Het alternatief voor DAI is om door te gaan met het herhalen van monolithische, inflexibele architecturen die nauw zijn gekoppeld aan een enkele beslissingsruimte, zoals die we zien bij diep leren of versterkend leren (of wat voor leermethode dan ook). Ik zou willen voorstellen dat deze beperkingen niet alleen een kwestie zijn van het aanpassen van parameters of het toevoegen van lagen of het conditioneren van gegevens - deze kwesties zijn fundamenteel voor diep leren en versterkend leren, tenminste zoals we ze vandaag definiëren, dus nieuwe benaderingen zijn vereist als we gaan om te blijven innoveren en bouwen aan de AI van morgen.

 

Gelooft u dat het bereiken van AGI met behulp van DAI waarschijnlijker is dan het versterken van leer- en/of diepgaande leermethoden die momenteel worden nagestreefd door bedrijven zoals OpenAI en DeepMind?

Ja, hoewel ik op grond van waar ze over bloggen vermoed dat OpenAI en DeepMind meer gedistribueerde architecturen gebruiken dan ze laten blijken. We beginnen steeds meer te horen over uitdagingen die meerdere systemen omvatten, zoals transferleren of federatief/gedistribueerd leren, en toevallig ook over hoe benaderingen van diepgaand leren en versterkend leren niet zullen werken voor deze uitdagingen. We beginnen ook van pioniers als Yoshua Bengio te horen hoe biologisch geïnspireerde architecturen de kloof kunnen overbruggen! Ik werk al bijna twintig jaar aan biologisch geïnspireerde AI, dus ik heb een goed gevoel over wat we bij Quorum AI hebben geleerd en hoe we dit gebruiken om te bouwen aan wat volgens ons de volgende generatie AI is die de problemen zal overwinnen. deze beperkingen.

 

Is er nog iets dat u wilt delen over Quorum AI?
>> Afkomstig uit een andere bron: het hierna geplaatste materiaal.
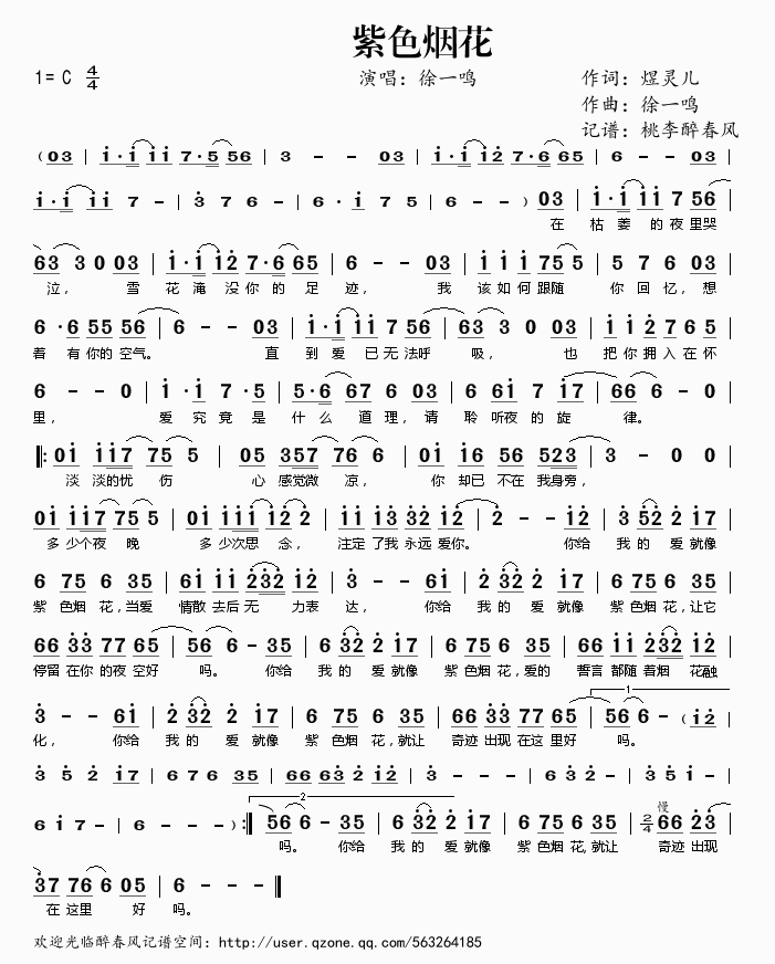 《紫色烟花》是由煜灵儿作词、徐一鸣(原名徐志强)作曲并演唱的一首歌曲,该歌曲收录于专辑《爱在2010》中。一起来看看为你带来的“紫色烟花简谱”,供大家学习欣赏。

We zullen een voorproefje geven van ons nieuwe platform voor gedistribueerde en op agenten gebaseerde AI op de Gefedereerde en gedistribueerde machine learning-conferentie in juni 2020. Tijdens het gesprek ben ik van plan om enkele recente gegevens over verschillende onderwerpen te presenteren, waaronder sentimentanalyse als brug naar het bereiken van empathische AI.
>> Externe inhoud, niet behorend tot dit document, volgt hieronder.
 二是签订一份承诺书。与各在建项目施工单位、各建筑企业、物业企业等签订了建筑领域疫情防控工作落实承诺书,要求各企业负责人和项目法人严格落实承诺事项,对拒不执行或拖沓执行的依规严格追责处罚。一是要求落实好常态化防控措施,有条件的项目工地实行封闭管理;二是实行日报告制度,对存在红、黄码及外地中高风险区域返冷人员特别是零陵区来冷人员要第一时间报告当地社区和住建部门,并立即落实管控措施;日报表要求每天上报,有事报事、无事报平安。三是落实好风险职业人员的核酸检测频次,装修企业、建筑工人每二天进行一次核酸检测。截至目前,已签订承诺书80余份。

Ik wil Noah speciaal bedanken voor deze geweldige antwoorden, en ik zou je aanraden om de quorum om meer te leren.

Een van de oprichters van unite.AI en lid van de Forbes Technologieraad, Antoine is een futuristisch die gepassioneerd is over de toekomst van AI en robotica.

Hij is tevens de oprichter van Effecten.io, een website die zich richt op het investeren in disruptieve technologie.